Pi3k expression variation associated with paclitaxel based or vinorebine based chemotherapy

developed metas tasis at the time of diagnosis. Approximately 50% of NSCLC patients receive chemotherapy as part of their Gemcitabine treatment. Agents that alter tubulin dynamics, such as paclitaxel and vinore bine, are commonly used in NSCLC treatment, either individually or combined with platinum drugs such as carboplatin or cis platin. Paclitaxel/vinorebine based chemotherapy has been shown to increase overall survival time for advanced or inoperable NSCLC. For the patients with early stage disease, surgery followed by a paclitaxel/vinorebine based chemotherapy is the most effective treatment available. Several clinical studies have reported that NSCLC patients with high class III tubulin expression were more resistant to paclitaxel/vinorebine based chemotherapy regi men than patients with low levels of expression.

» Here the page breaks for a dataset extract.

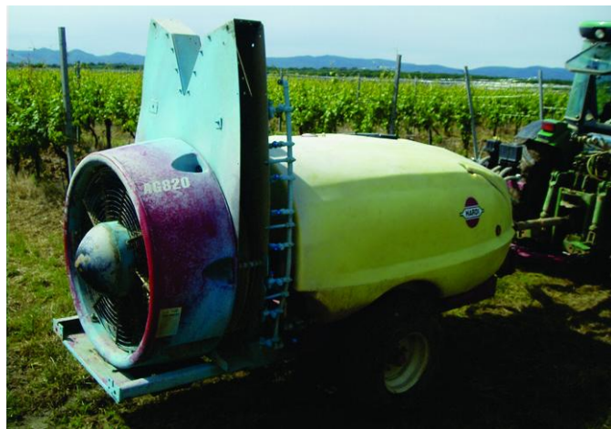
Slika 1. Raspršivač Hardi Zatrurn

Hardi klipno - membranska crpka je instalirana na raspršivaču, kapacitet je 140 l/min pri radnom tlaku od 20 bara. Model crpke koji je instaliran na raspršivaču je 363 i ima dvije membrane.

Anti tubulin agents such as paclitaxel and vinorebine inhibit microtubule dynamics, leading to the growth arrest of tumor Maraviroc Selzentry cells and subsequently cell death. The efficacy of anti tubulin treat ment can be limited by the development of resistance to these agents by cancer cells. The mechanisms controlling resistance to tubulin binding agents are complex, involving increased expres sion of multidrug resistance proteins such as the P gp, changes in tubulin structure, and alterations in the levels of key proteins that control cell survival. Another reported source of resistance to these drugs is elevated expression of class III tubulin in the cancer tissue. The studies evaluating class III tubulin expression variation associated with paclitaxel based or vinorebine based chemotherapy have yielded inconsistent results.
For several studies, high expression of class III tubulin was corre lated with an adverse response rate for patients with NSCLC treated with paclitaxel based or vinorebine based chemotherapy. For other studies, the correlation between tubulin pi3k gene expression and clinical response was more ambiguous. Therefore, class III tubulin might be a promising prognostic marker for NSCLC treated with paclitaxel based or vinorebine based chemotherapy. However, there has not been a systematic assessment of the literature regarding the association of resistance to paclitaxel/vinorebine based chemotherapy with high class III tubulin expression. Also, most of the individual studies had a small number of patients.
Furthermore, most of the stud ies that investigated the association between paclitaxel based or vinorebine based chemotherapy and class III tubulin expression involved either one or the other drug, but not both. Therefore, it is still unknown whether there is a significant difference between paclitaxel jak stat based canon law and vinorebine based chemotherapy in treatment of patients with NSCLC. We performed a meta analysis to provide a systematic assess ment of whether class III tubulin expression is associated with objective response and median survival time in patients with NSCLC based on treatment with paclitaxel/vinorebine based chemother apy, and compared difference of objective response between paclitaxel based and vinorebine based chemotherapy in treatment for NSCLC. We did systematic computerized searches of several databases, including MEDLINE, EMBASE, CNKI, using the keywords Class III tubulin/tubulin, Cancer and Chemotherapy.